Over the years, I’ve realized I’m simply a more disciplined person when my husband is around. It’s not that I’m putting on a show or feel pressure to “be good” under my spouse’s watchful eye. It’s that having a partner spurs me on to live the best version of my life, knowing it’s lived with and for someone else. So although I might sometimes daydream about the pleasures of the single life—the total self-determination or the ease of letting housework slide—if I’m honest, I truly value (and probably need) a partner to keep me in check.
I first realized this when my husband began to travel for work. Left to my own devices, I found my parenting of our three kids taking a nosedive.
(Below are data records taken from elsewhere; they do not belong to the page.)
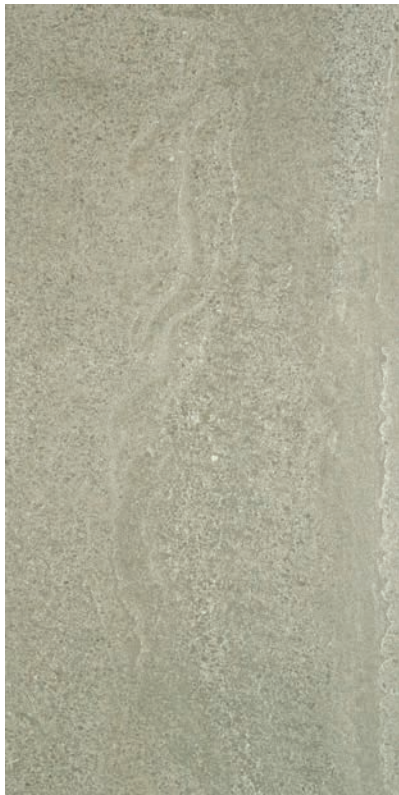
30 x 60 cm (12 x 24) OL.ES.TPE.1224.MT
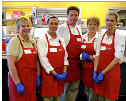
Soup kitchen volunteers

planned to collect food and personal items for victims of the historic September floods. However, the government shutdown in October made it impossible to hold a donation drive at the Army hospital that month.
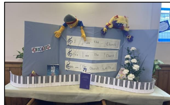
The beautiful displays
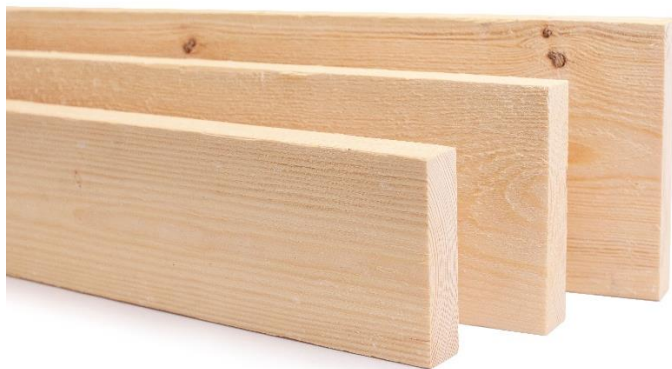
Sawn timber, pine

This declaration covers Stora Enso sawn timber products. Classic sawn of standard grades and dimensions for different joinery purposes. Classic sawn is used for construction, packaging and joinery, such as window and door manufacturing and interior products. Strength graded timber meets the quality for load-bearing structures in construction. Construction timber products are designed for a wide variety of applications in modern timber construction.
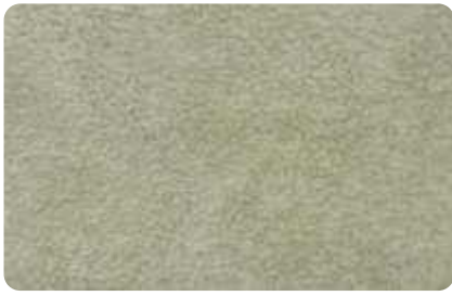
Design Moon Concrete (ES2520)
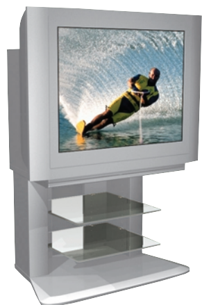
Shown above with optional matching PH321RFS stand.
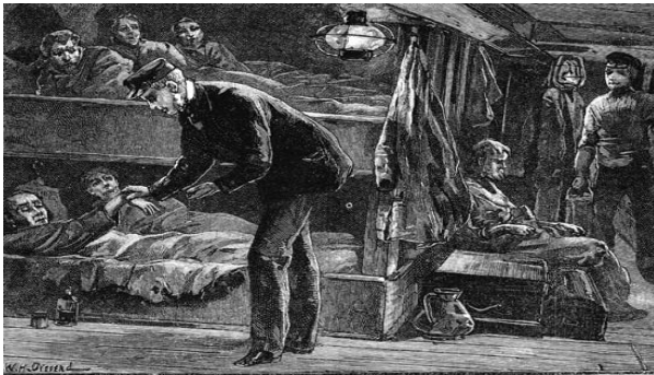
Irish emigrants boarded "coffin ships" in the 1800's

The initial remains that were discovered in 2011 on a beach in Forillon National Park, Quebec, were identified as two seven-year-old boys and an 11-year-old boy.
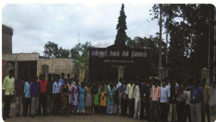
The Second Year students went to an industrial visit to "M/s Ennore Thermal Power Station" on 5 th July 2016.
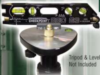
Tripod & Level Not Included
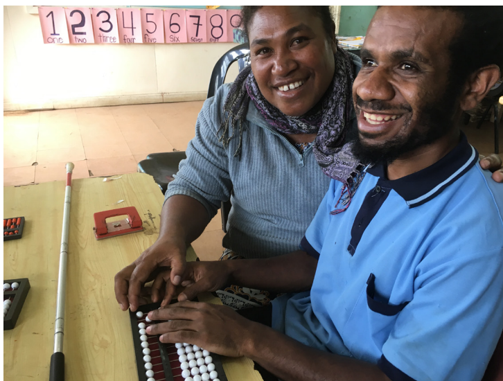
> An Inclusive Education teacher from the IERC teaches maths to a blind student

For the disability-specific interventions, staff at the IERCs use standardised case management tools to identify the need at an individual level and maximise the effectiveness of service delivery. The community rehabilitation workers use Case Management Plans (CMPs) and the inclusive education teachers use Individualised Education Plans (IEPs). These person-centred tools are used to collaborate with individuals and their families to agree on short and long term goals and work together to progress the achievement of these goals. Working together as a team on goals that are important to the person has helped generate successful outcomes. Data suggests that use of these tools is contributing to better health and functioning outcomes for children, youth and adults with disabilities, and better learning outcomes for children.
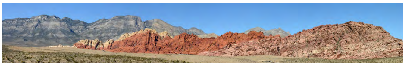
Red Rock Country Near Las Vegas, NV
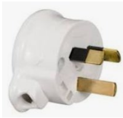
PDL 3 PIN
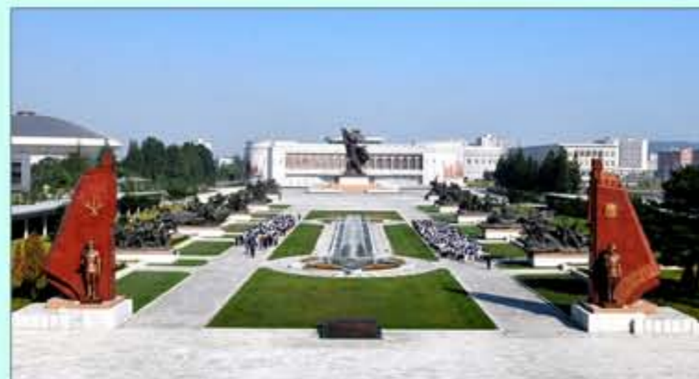
Victorious Fatherland Liberation War Museum
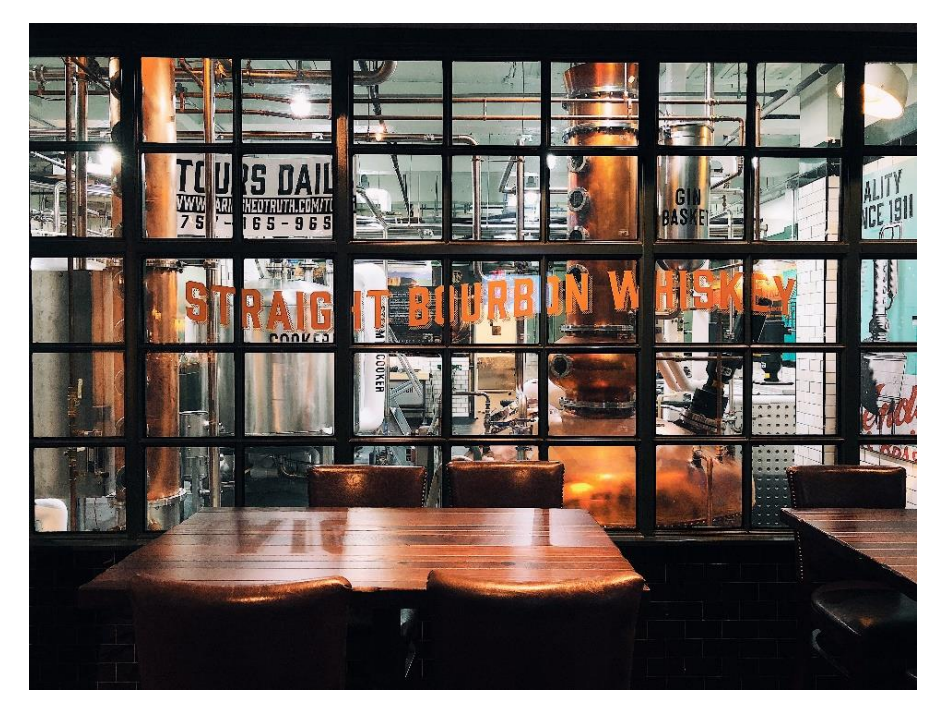
Tarnished Truth Distilling Company, Virginia Beach

Fuel up for your second day at Virginia Beach with breakfast at <u>Commune</u>, a rustic, chic spot serving seasonal New American dishes, many with produce from their backyard garden.

Granted, single parenting, even temporarily, is undeniably stressful. But a spike in stress isn’t the only thing that erodes my mommy loving-kindness when I’m the only parent present. With no second pair of eyes on my interactions with my kids, I tend to “let it all hang out”—and not in a good way. Little frustrations quickly escalate into major issues, and before I know it, I’ve screamed myself hoarse or said hurtful words I can’t take back. Having my husband as a co-parent gives me a confederate to discuss discipline with, or to ask to step in when I’ve gone too far. Even if all he offers is a listening ear to vent my frustrations to, that’s a crucial service I know I need.
Without a partner around, I’ve also noticed my tendency to get a bit lax when it comes to the care of our home. Who cares about a clean house when it’s just me and my grade school-aged kids? They’re certainly not complaining when I “forget” to make them put away their dirty socks. But while it may not be a serious failing to let a mess pile up, eventually a sink full of dishes and a living room littered with Nerf darts take a toll on my mental health, and I realize I probably should have taken care of them sooner. A fellow stockholder in the home keeps me alert to the state of my environment—and everyone benefits from the cleaner, tidier home that results.
While I can sometimes give myself a pass for relaxing my cleaning standards when my husband’s away, often deeper matters are at stake. How do I spend my free time when there’s no one around to see? I’ll waste hours on a marathon of lame TV I don’t even care about or sit glued to social media on my phone. And when I’m flying solo for a week or two, I don’t always take care of myself like I normally would, either. Cake for dinner with an extra glass of wine — why not? With my husband present, though, I’m reminded that someone else in this world has an investment in my body—its health and its appearance—motivating me to do right by my physical self.
Finally, I find having a partner keeps me accountable to make better decisions. Alone, I get lost in the echo chamber of my own thoughts and beliefs. My husband brings a unique perspective and a different type of wisdom that helps me see decisions from a fresh angle. When I wonder if it will be too hard on our family if I take on another big work project, or whether I need to have a difficult confrontation with a friend, the person who knows me through and through offers the best insight on such questions.
Our job as Catholic spouses is to help each other reach heaven. Lovingly keeping each other on track physically, mentally, and spiritually paves this path to holiness. So while romantic love, financial security, or having someone to “Netflix and chill” with may all be nice perks of a partnered life, I’ve come to believe that accountability is the secret weapon—and unsung hero—of my marriage.